Third, Mumbai’s suburban trains – the city’s lifeline – are a gift from the Centre. Does Thackeray feel any sense of gratitude for it? Instead of extending this network by making the state contribute more to urban transport infrastructure, the Thackeray son, Aditya, was at the forefront of efforts to slow down the metro project initiated by a BJP chief minister, Devendra Fadnavis, on grounds of the threat to Aarey’s green ecology.
Thackeray has no sense of gratitude for the rapid progress made by the Fadnavis government on the metro, nor for the Mumbai-Pune Expressway and multiple flyovers built during its previous stint in power in the 1990s, when the BJP’s Nitin Gadkari delivered those miracles.
Thackeray does not feel ashamed that a sea-bridge to the mainland from the island part of Mumbai (the Sewri Trans-Harbour link) has spent 20 years gathering dust, when it would have eased the pressure on land in the city centre.
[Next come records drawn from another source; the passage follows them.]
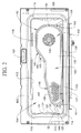 With convection cover 100 mounted in the manner discussed above, fan 209 is arranged behind intake 138 such that activation of motor 193 causes air to be drawn into intake 138 and propelled radially outwardly from fan 209 toward second end portion 147 and outlet openings 153. In accordance with the invention, at a minimum, the configuration of convection cover 100 establishes a duct, in combination with rear wall 102, for this airflow. In the preferred embodiment shown, recessed section 177 accommodates fan 209 and further establishes a portion of this duct. That is, at this point, it should be recognized that the invention can be employed without recessed section 177, thereby establishing the required airflow duct based solely on the construction of convection cover 100 in combination with rear wall 102. However, with the inclusion of recessed section 177, the thickness or depth of convection cover 100 can be reduced without sacrificing the volumetric airflow capacity of the overall system. To this end, recessed section 177 is preferably formed in rear wall 102, such as through a stamping operation. In any case, during operation of the overall convection system, air is drawn into central opening 138 at one side portion of oven cavity 104, forced behind convection cover 100 to outlet openings 153 at a second side portion of the oven cavity 104. Due to these spaced locations, the airflow in the overall oven cavity 104 will be forced to flow forward from adjacent side wall 116 towards door 10, then along door 10 to adjacent second side wall 115 and back toward central opening 138. To this end, convection cover 100 is constructed such that the central intake 138 is arranged to draw air into fan 209 at only one side of oven cavity 104, while the plurality of small exhaust openings 153 are provided at the other side of oven cavity 104 such that the overall arrangement forces the air to follow a single, circular airflow pattern or loop around the interior of oven cavity 104. This overall configuration is seen to be particularly important with the reduced sized oven cavity of the invention which generally has a volume in the order of 2.5 cubic feet or less. By providing one or more tapered sections associated with convection cover 100, particularly tapered sections 140 and 145, the pressure and flow rate of the airflow is optimized in order to ensure an effective circular airflow pattern throughout oven cavity 104.
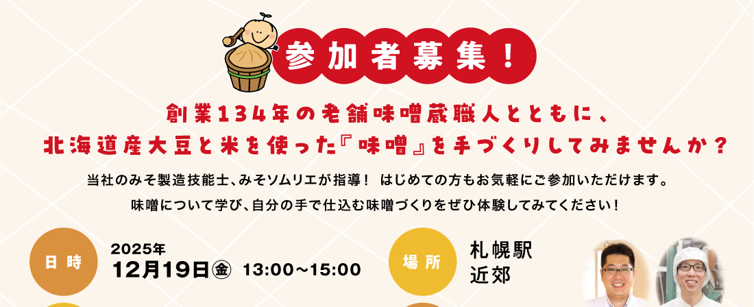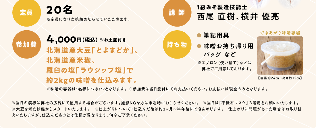 お味噌について学び、自分の手で仕込む味噌づくりを、ぜひ体験してみてください!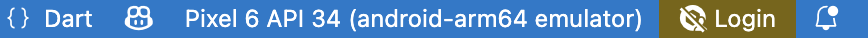 Flutter 扩展会自动选择上次连接的设备。然而,如果您有多个设备/模拟器连接,点击状态栏的 device 查看屏幕顶部的选择列表。选择您要用来运行或调试的设备。
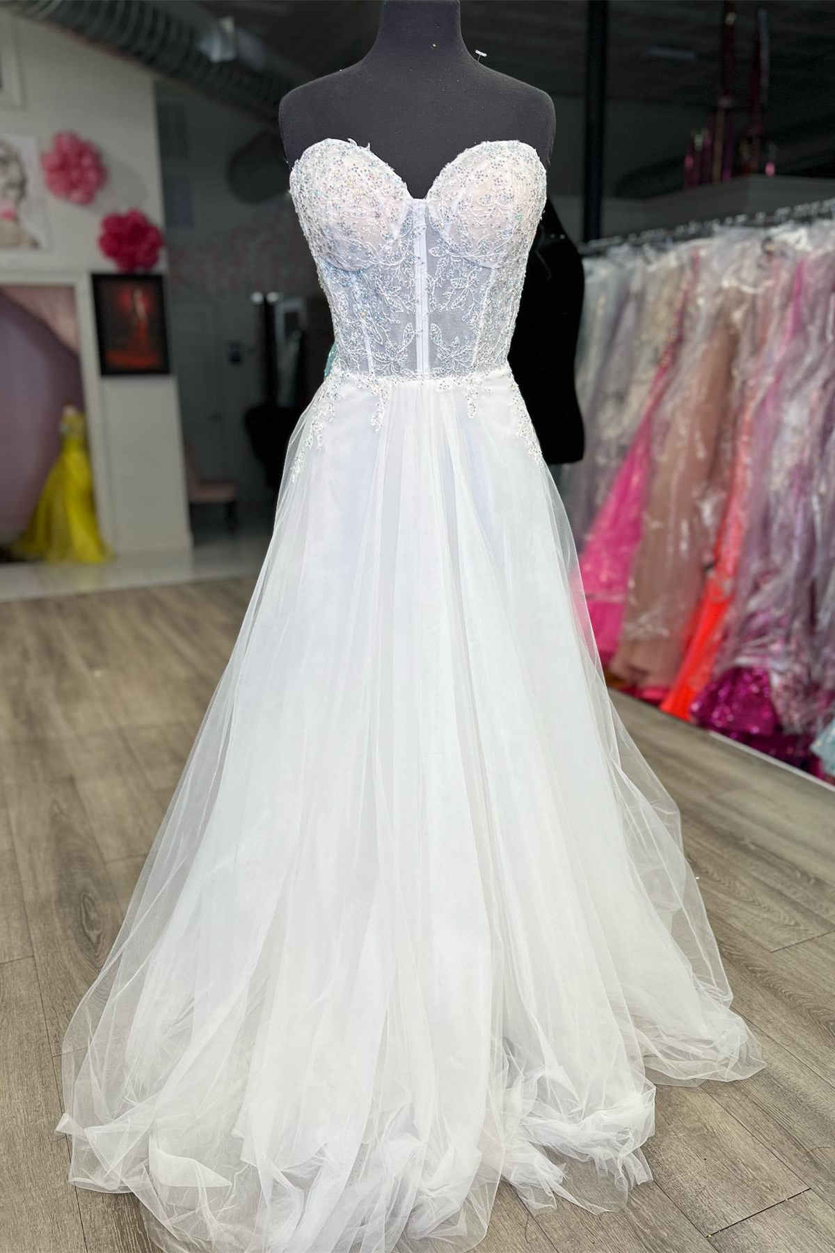 This strapless white lace corset dress is perfect for formal occasions. A sweetheart neckline and sheer bodice adorned with rhinestones provide an elegant look, while the A-line skirt and zipper back ensure comfortable wear. Make a lasting impression with timeless sophistication.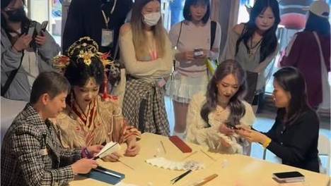 宣璐@宣璐 一袭中式华服耀眼夺目,孟美岐@孟美岐 轻盈蕾丝上装也是相当契合春日的氛围!二人一同在#2026春季搜狐视频关注流大会 时尚展台体验王星记扇艺,非遗有young~@张朝阳 @逸君子 @狐克斯姐 @搜狐艺术 @杭州王星记扇业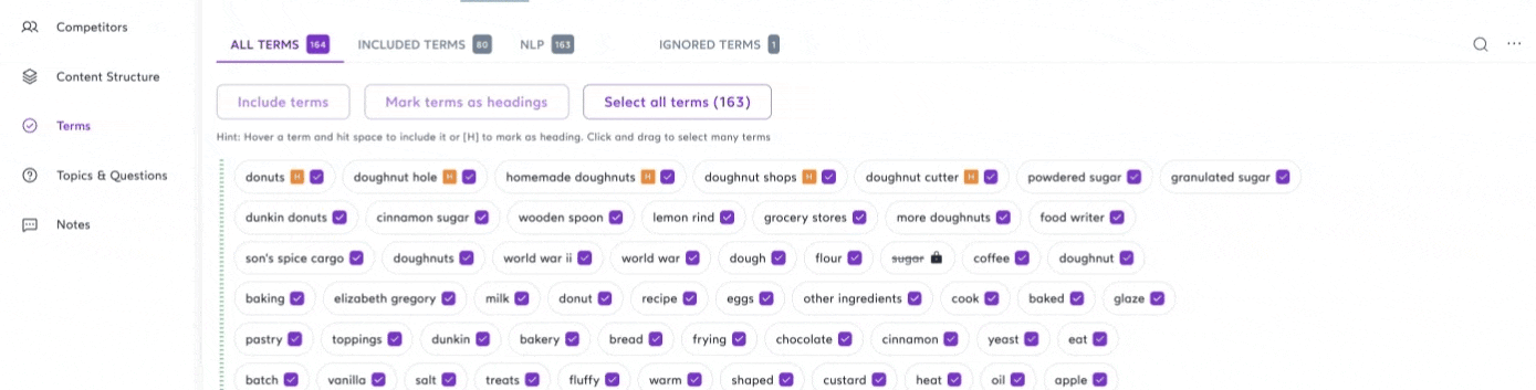 You can switch between All terms, Included terms, NLP, and Ignored terms to filter out words from each category.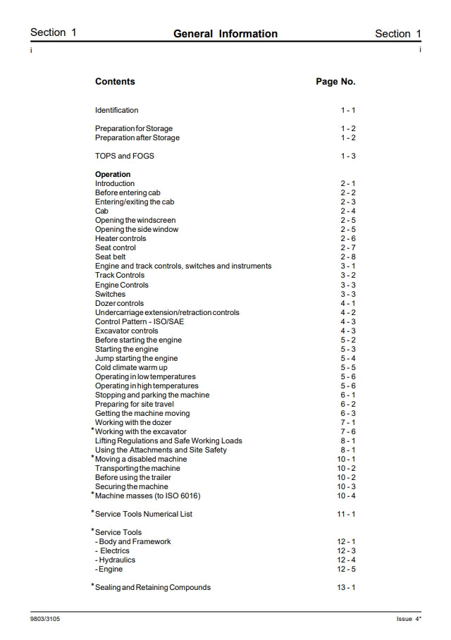 The manual is compiled in sections, the first three are numbered and contain information as follows: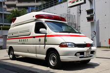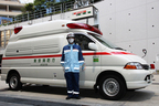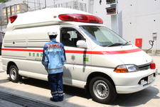 スライドドアを開けた瞬間、車内からいかにも衛生的な「病院の匂い」が漂ってきました。車内には、蘇生用の電気ショックを備えた救急バッグ、酸素ボンベ、酸素吸引器、血圧計、応急用ギブス、担架などの救急医療器具が装備されております。 消防車の出動頻度は月に2~3回程度ですが、救急車の出動は高く、多い日では1日に10回以上も出動することがあるようです。

But that project was delayed by real estate vested interests who wanted costly properties in central Mumbai to be sold before alternatives were found.
No citizen should be forced to travel like cattle in trains, but the city’s wealth has gone towards fattening politicians’ purses, and not to serving its citizens. How grateful citizens should feel towards a state capital that treats them this way is anybody’s guess. Ranaut is hardly alone in feeling angry about how the city and state are run.